I was sweating. Panting. I couldn't stop. I had lost all control. It was just me and him.

I woke up in a psychotic frenzy. Who? What? How? I had dreamed about him again. The boy I loved with all my heart. The one I broke up with. The one who was my first kiss. The one I said I loved and meant it with all my heart. The one that got away. Freddie Benson.

We said it was mutual. It broke my heart to let him go. I dreamt about him every night. He was my life. Why was I stupid? Breaking up with the nub was the dumbest thing I could have done in my life. Now he will always be the one that got away.

It had been over a month since we broke up, and each day was getting worse and worse for me. It was getting harder and harder to hide my love for him. Especially being around him every freaking day. Sometimes I just wanted to punch him because I loved him so much. Each day I was falling more and more in love with him, if that was even possible. Plus, it was impossible to form a hatred for him, since he was always so nice. Sometimes I felt like killing him. The one that got away.

I got up and went to take a shower. It was only three in the morning but I knew that after the dream I had that I wasn't going back to sleep. I got in the shower. I started to think about Freddie again. I got in the shower. The hot water hit me and I burst into tears. I knelt there on the floor weeping uncontrollably. It had gotten too bad. I was losing it without him. My life was falling apart. I was ruined.

I finally got control of myself, turned off the water, put on some clothes, and turned on the TV. As I flipped through the channels, I thought about Freddie again. I started crying again. This time my mother came out.

"What is wrong with you?"

"Thanks for the support."

"Well I'm trying to figure out what the hell is going on here?"

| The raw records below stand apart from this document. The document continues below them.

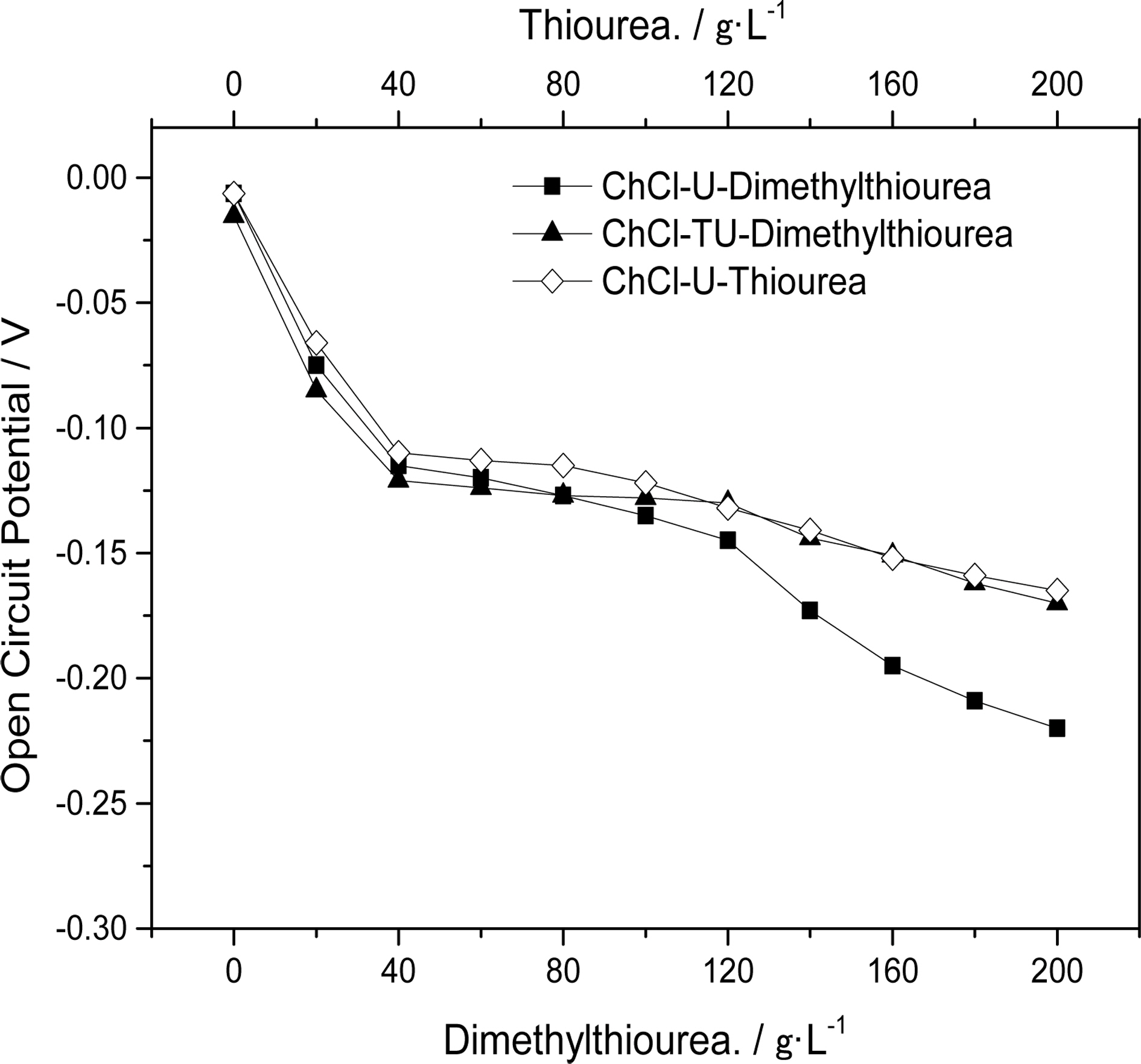 and dimethylthiourea resulted in decreased electrolyte OCP values. More specifically,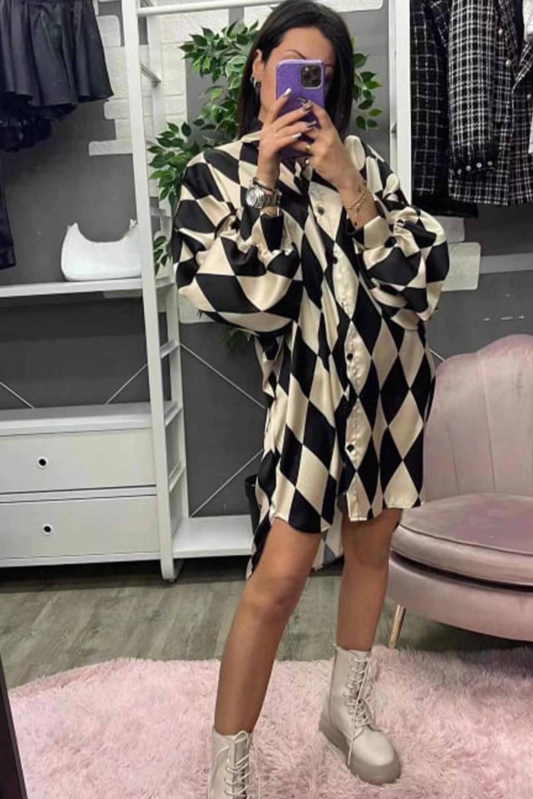 Ασπρόμαυρο πουκάμισο φόρεμα με γεωμετρικά σχέδια pierrot pattern style.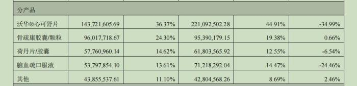 由于公司产品相对集中,沃华医药表示,沃华心可舒片、骨疏康胶囊/颗粒、荷丹片/胶囊、脑血疏口服液系公司的主导产品,其生产及销售状况直接决定了公司的收入和盈利水平,上述产品生产、销售的异常波动将对本公司经营业绩产生较大的影响。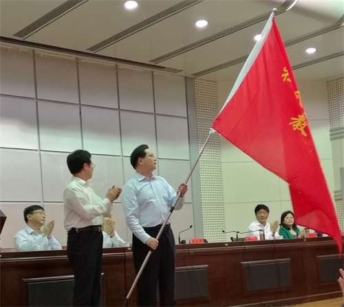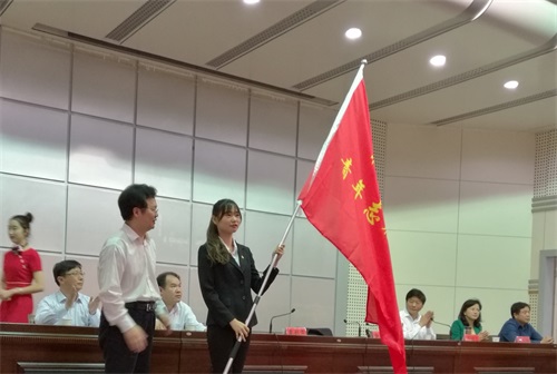 我校机电工程学院2014级沈美同学代表全市社科普及青年志愿者发言。医学院刘秀平博士作为我校社科普及教授团代表、护理学院2015级学生李思慧作为社科普及青年志愿者代表分别接受社科普及教授团团旗和志愿服务队队旗。

"I love Freddie, that's what."

"Oh, that boy. I see. You are so whipped."

"Shut the hell up!"

"I'm just saying."

"Well you can stop saying."

"Whatever. Just stop blubbering will you? Some people like to be sleeping right now."

"Go away."

"Good night lover girl."

"Shut up!"

I was so frustrated right now I couldn't stand it. I felt like going over to Carly's, but I knew it was too early. Not to mention, how was I supposed to explain to her that I was weeping because I was still in love with Freddie. The one that got away. Not a good idea in my opinion. Freddie's was definitely a no. Brad's wasn't a good idea. Going over to your best-friend's boy-friends' house to talk about being in love with his best friend. Too weird and complicated. Guess I was stuck here until morning. And all I could think about was the one that got away.

Sometimes, life is just down right cruel.

~Freddie~

I sat up panting. I just had an amazing dream about the most amazing girl. A wet dream if I might add. The only problem was that the girl was Sam. The girl that I was madly in love with. My first kiss. The one that got away.

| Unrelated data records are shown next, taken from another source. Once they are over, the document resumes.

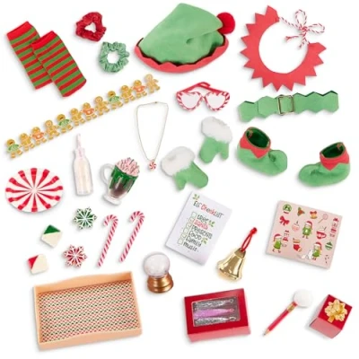 Calendrier de l'Avent amusant : Ouvrez chaque jour un cadeau après l'autre avec le calendrier de l'Avent Our Generation Holiday Elf Surprise Countdown Calendar, spécialement conçu pour les poupées de 46 cm! Dévoilez les surprises : les enfants peuvent déballer une variété d'objets cachés à l'intérieur des 24 portes du calendrier, ce qui les rend impatients de découvrir chaque nouvelle surprise au fur et à mesure qu'ils terminent le compte à rebours! Costume de lutin des fêtes : les enfants trouveront un chapeau de lutin, des chaussures bouclées et d'autres vêtements fantaisistes pour transformer leur poupée préférée de 46 cm en lutin magique! Accessoires et découpes festifs : le calendrier du compte à rebours comporte des accessoires festifs et des découpes de vacances derrière la couverture, que les enfants peuvent partager avec leurs poupées, leurs amis et leur famille pour des moments plus chaleureux. Contenu : comprend un costume de lutin, un collier, des lunettes, un plateau, une guirlande, 2 chouchous, une assiette, une feuille d'autocollants, une cloche, une liste de contrôle de lutin, un stylo, une boule à neige, une boîte avec 3 décorations en guirlande, 8 aliments pour le jeu et une boîte cadeau.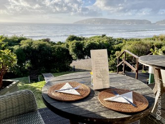Nossa base, o lindo Robberg Beach Lodge, de frente para o mar.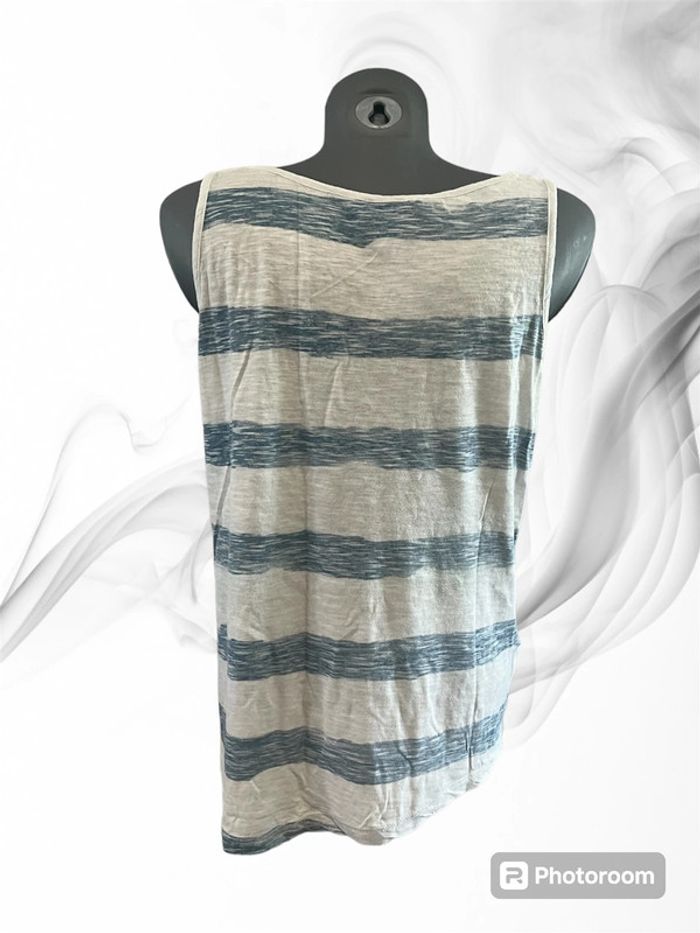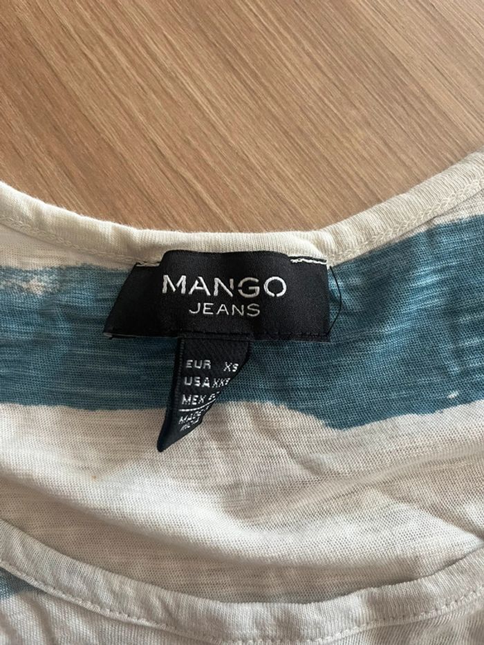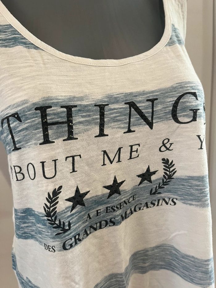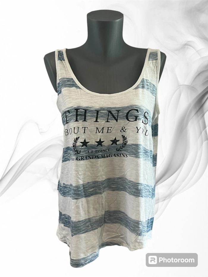 Débardeur rayé bleu et blanc avec imprimé noir Marque : Mango Jeans Taille : XS mais plutot large #HautFemmeXSrbspauline #HautFemmeSrbspauline

I still wasn't over her. I know that we broke up a month ago, but I still was madly in love with her. That girl drove me insane. I mean insane to the definition. But now all that was left of our relationship was the knowing that she was the one that got away.

I got up to shower. I knew that it was three in the morning, but there was no way that I was getting back to sleep. All the while, she was the only thing that was running through my mind. The one that got away.

It hurt me to call her that, but it was true. I had her, I did everything that I could for her, we loved each other, but then I didn't do enough, and she left me. She got away from me. She was the one that got away.

What hurt me even more was that I knew that there was no hope for us to get together again. I knew I was going to have to live with her only as a friend in my life. Nothing more than that. A friend was all that she was going to be. That was one of the worst feelings that any one could ever experience in their life. It just completely devastated me. My heart was truly broken as long as I had that feeling in it. And I knew that feeling was going to last forever. My feeling about the one that got away.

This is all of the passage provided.